START The data

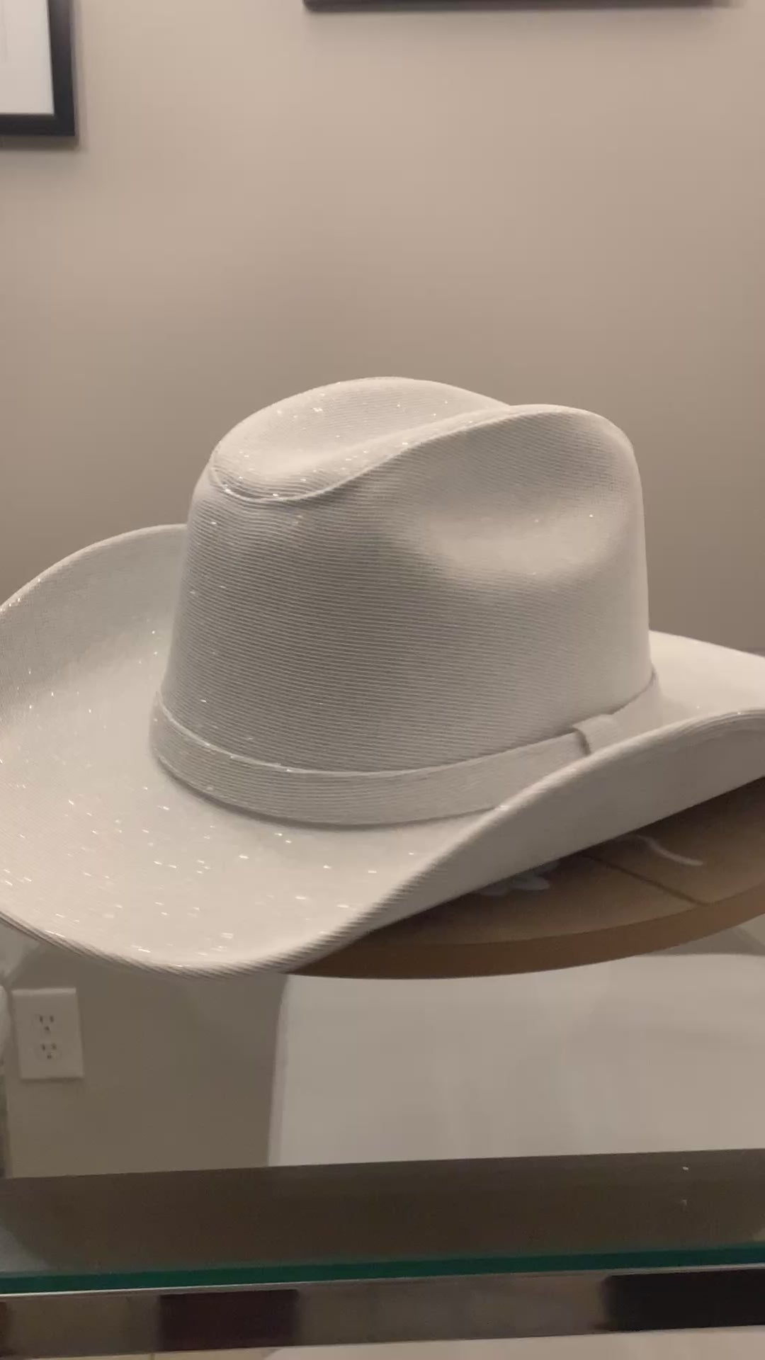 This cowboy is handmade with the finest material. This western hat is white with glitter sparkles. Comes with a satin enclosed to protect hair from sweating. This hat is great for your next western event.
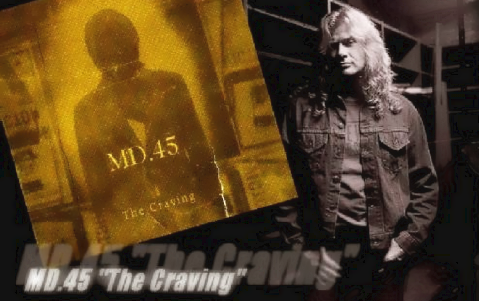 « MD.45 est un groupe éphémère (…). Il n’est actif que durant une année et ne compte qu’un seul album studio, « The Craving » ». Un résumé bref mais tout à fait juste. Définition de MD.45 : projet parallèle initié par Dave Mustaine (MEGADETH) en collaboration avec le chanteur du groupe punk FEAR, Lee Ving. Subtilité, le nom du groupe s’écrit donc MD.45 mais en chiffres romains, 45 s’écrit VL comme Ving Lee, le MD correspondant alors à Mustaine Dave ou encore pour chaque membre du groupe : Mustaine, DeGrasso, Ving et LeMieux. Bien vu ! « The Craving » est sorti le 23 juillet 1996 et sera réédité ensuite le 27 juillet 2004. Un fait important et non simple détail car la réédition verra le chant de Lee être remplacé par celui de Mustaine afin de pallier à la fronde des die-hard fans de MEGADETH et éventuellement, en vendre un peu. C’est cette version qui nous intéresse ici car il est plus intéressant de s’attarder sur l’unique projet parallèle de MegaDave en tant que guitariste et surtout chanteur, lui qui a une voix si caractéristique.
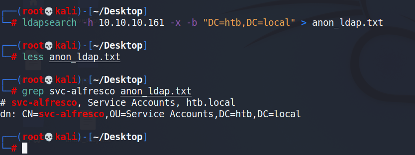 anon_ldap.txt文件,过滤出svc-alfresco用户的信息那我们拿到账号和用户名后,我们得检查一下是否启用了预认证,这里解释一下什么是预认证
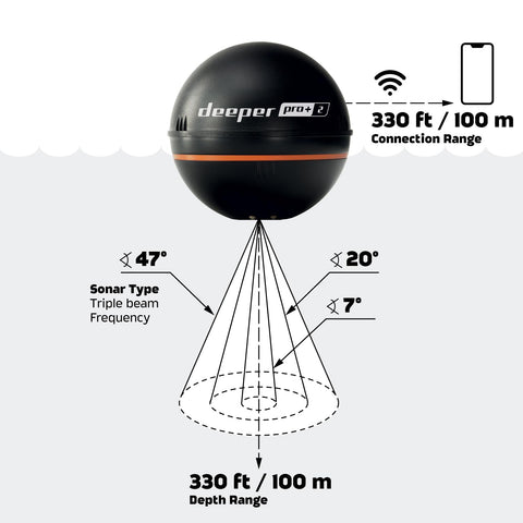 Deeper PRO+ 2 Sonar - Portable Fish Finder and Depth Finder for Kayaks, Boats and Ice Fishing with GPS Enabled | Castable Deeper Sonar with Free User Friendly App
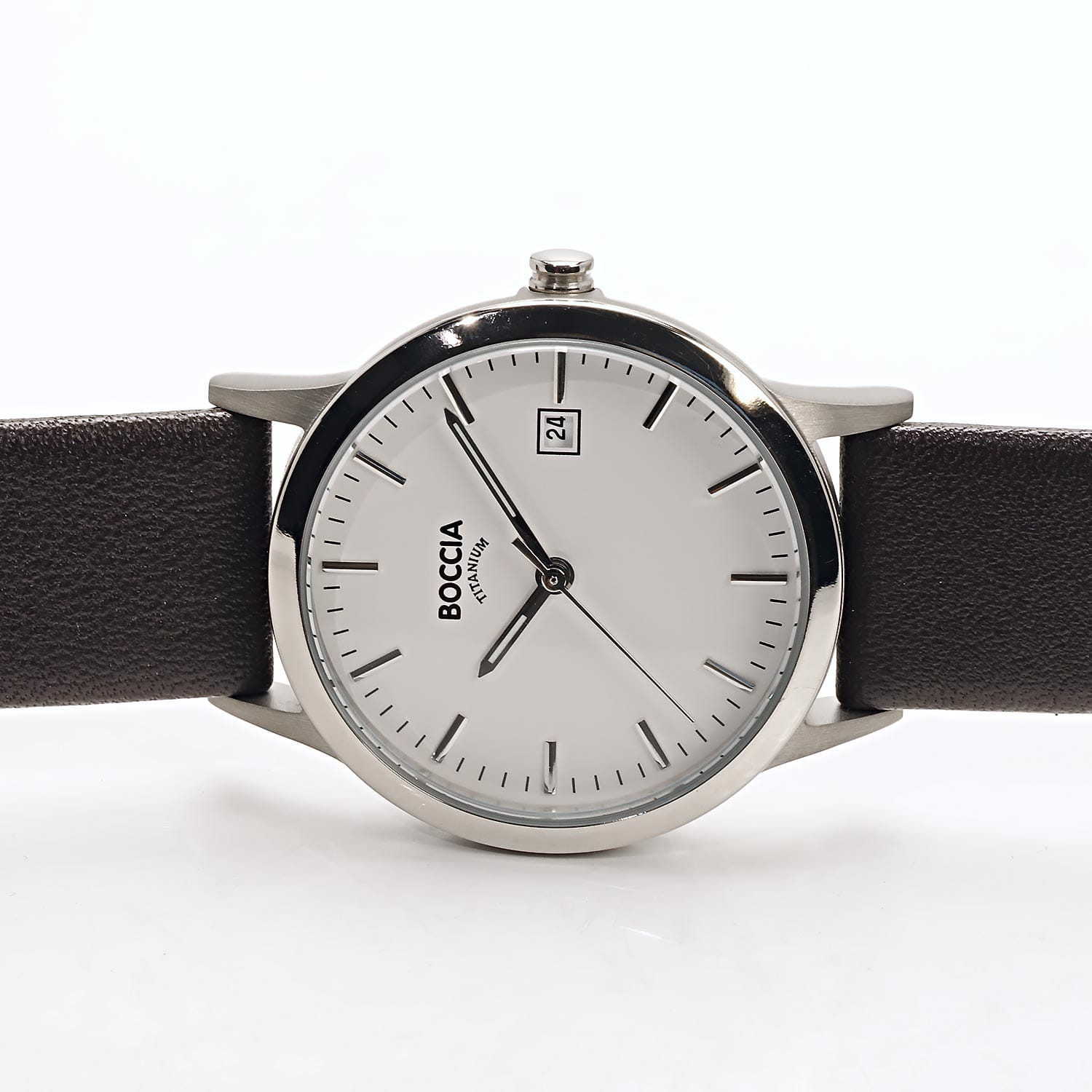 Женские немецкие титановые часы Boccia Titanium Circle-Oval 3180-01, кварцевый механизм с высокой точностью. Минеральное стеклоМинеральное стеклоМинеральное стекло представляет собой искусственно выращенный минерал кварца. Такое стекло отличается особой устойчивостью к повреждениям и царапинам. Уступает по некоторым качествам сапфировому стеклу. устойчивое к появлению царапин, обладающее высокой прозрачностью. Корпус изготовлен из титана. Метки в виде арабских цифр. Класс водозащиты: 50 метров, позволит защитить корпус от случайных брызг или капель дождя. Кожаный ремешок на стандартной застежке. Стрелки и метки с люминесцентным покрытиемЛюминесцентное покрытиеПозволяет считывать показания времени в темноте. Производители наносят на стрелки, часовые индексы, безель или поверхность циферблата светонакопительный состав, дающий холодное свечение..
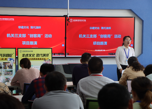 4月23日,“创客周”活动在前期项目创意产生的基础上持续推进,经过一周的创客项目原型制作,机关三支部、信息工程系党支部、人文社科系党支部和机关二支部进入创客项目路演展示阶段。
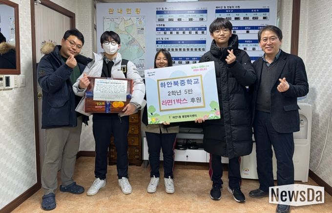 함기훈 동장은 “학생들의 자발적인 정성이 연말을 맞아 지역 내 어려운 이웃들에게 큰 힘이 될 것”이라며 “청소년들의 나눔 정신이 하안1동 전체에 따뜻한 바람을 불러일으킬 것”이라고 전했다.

END The data

→ **Problem requirements**:
Print the lines from the line containing "anon_ldap.txt文" through the last line of the listing, exactly as they stand, and leave any pictures out.

→ **Problem solution**:
 anon_ldap.txt文件,过滤出svc-alfresco用户的信息那我们拿到账号和用户名后,我们得检查一下是否启用了预认证,这里解释一下什么是预认证
 Deeper PRO+ 2 Sonar - Portable Fish Finder and Depth Finder for Kayaks, Boats and Ice Fishing with GPS Enabled | Castable Deeper Sonar with Free User Friendly App
 Женские немецкие титановые часы Boccia Titanium Circle-Oval 3180-01, кварцевый механизм с высокой точностью. Минеральное стеклоМинеральное стеклоМинеральное стекло представляет собой искусственно выращенный минерал кварца. Такое стекло отличается особой устойчивостью к повреждениям и царапинам. Уступает по некоторым качествам сапфировому стеклу. устойчивое к появлению царапин, обладающее высокой прозрачностью. Корпус изготовлен из титана. Метки в виде арабских цифр. Класс водозащиты: 50 метров, позволит защитить корпус от случайных брызг или капель дождя. Кожаный ремешок на стандартной застежке. Стрелки и метки с люминесцентным покрытиемЛюминесцентное покрытиеПозволяет считывать показания времени в темноте. Производители наносят на стрелки, часовые индексы, безель или поверхность циферблата светонакопительный состав, дающий холодное свечение..
 4月23日,“创客周”活动在前期项目创意产生的基础上持续推进,经过一周的创客项目原型制作,机关三支部、信息工程系党支部、人文社科系党支部和机关二支部进入创客项目路演展示阶段。
 함기훈 동장은 “학생들의 자발적인 정성이 연말을 맞아 지역 내 어려운 이웃들에게 큰 힘이 될 것”이라며 “청소년들의 나눔 정신이 하안1동 전체에 따뜻한 바람을 불러일으킬 것”이라고 전했다.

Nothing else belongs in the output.